Xerox is in no way singled out and discriminated against. (Yes, I know this is an Americanism)
If I've copied someone else's copyrighted work on my Xerox machine, then give it to you, you can't reproduce the work I copied. If I leave a copy of it in the scanner when I give it to you, that's another story. The issue here isn't the ability of an LLM to produce it when I provide it with the copyrighted work as an input, it's whether or not there's an input baked-in at the time of distribution that gives it the ability to continue producing it even if the person who receives it doesn't have access to the work to provide it in the first place.
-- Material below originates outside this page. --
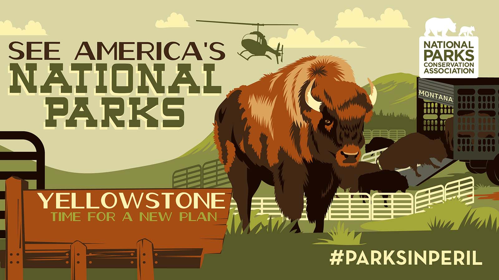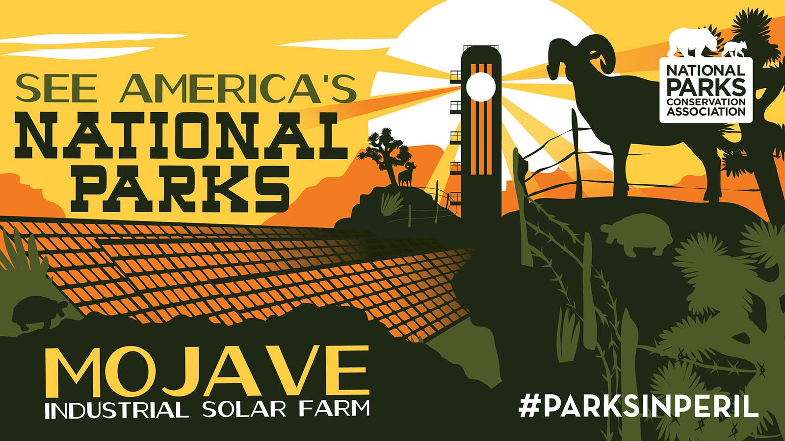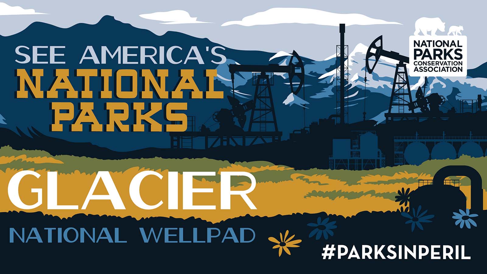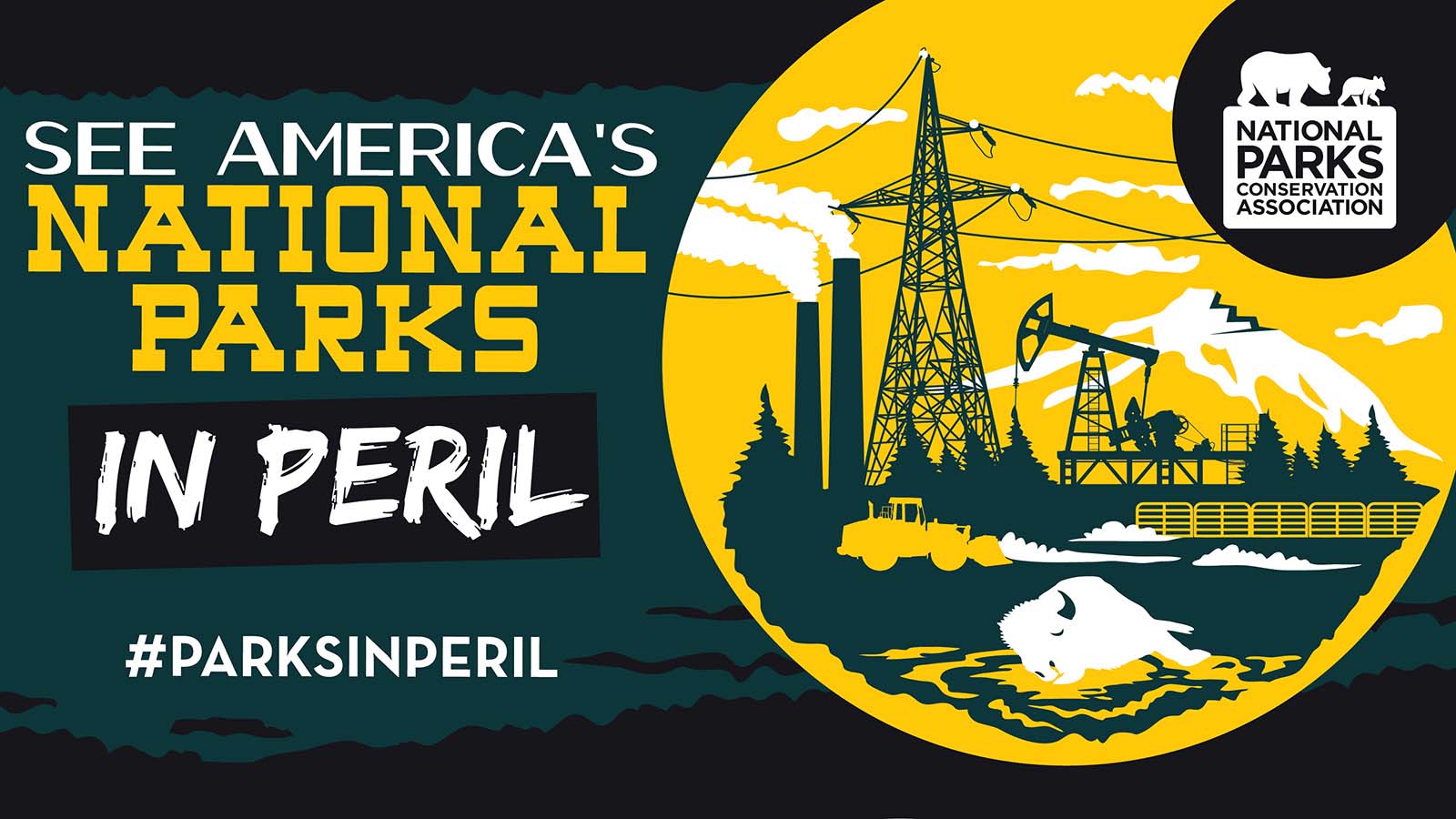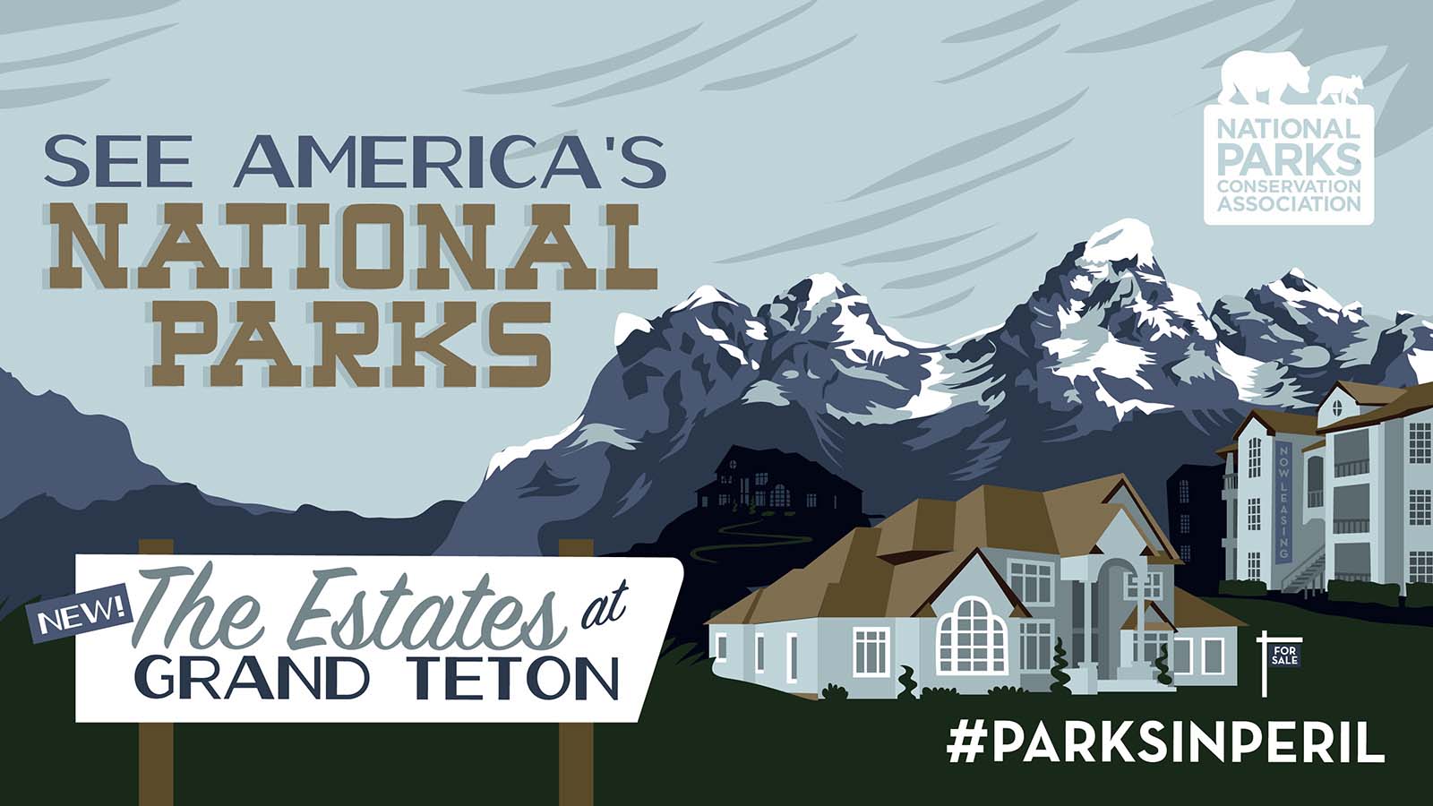 #ParksInPeril, featuring bold illustrations depicting the grim future our national parks could face if action is not taken, is available at npca.org/parksinperil.

To be clear, I don't have any particular insight on whether this is possible right now with LLMs, and I'm not taking a stance on copyright law in general with this comment. I don't think your argument makes sense though because there's a clear technical difference that seems like it would be pretty significant as a matter of law. There are plenty of reasonable arguments against things like the agreement mentioned in the article, but in my opinion, your objection isn't one of the.
You can train a LLM on completely clean data, creative commons and legally licensed text, and at inference time someone will just put a whole article or chapter in the model and has full access to regenerate it however they like.
Re-quoting the section the parent comment included from this agreement:
> > GPAI model providers need to establish reasonable copyright measures to mitigate the risk that a downstream system or application into which a model is integrated generates copyright-infringing outputs, including through avoiding overfitting of their GPAI model. Where a GPAI model is provided to another entity, providers are encouraged to make the conclusion or validity of the contractual provision of the model dependent upon a promise of that entity to take appropriate measures to avoid the repeated generation of output that is identical or recognisably similar to protected works.
It sounds to me like an LLM you describe would be covered if they people distributing it put in a clause in the license saying that people can't do that.
Yes, it is covered technically. But practically nobody knows what is infringing in the non-literal infringement case. It all depends on the judge and context. Was this idea sufficiently original or was it a necessity, or a generic pattern? Each level of abstraction can get protection from copyright. You can only know if you sue/get sued.
I find non-literal copyrights (total concept and feel, abstraction filtration comparison/AFC) to be a perverse way to interpret "protected expression" as "protected abstraction". It is a betrayal of future creative activities to prop up the past ones.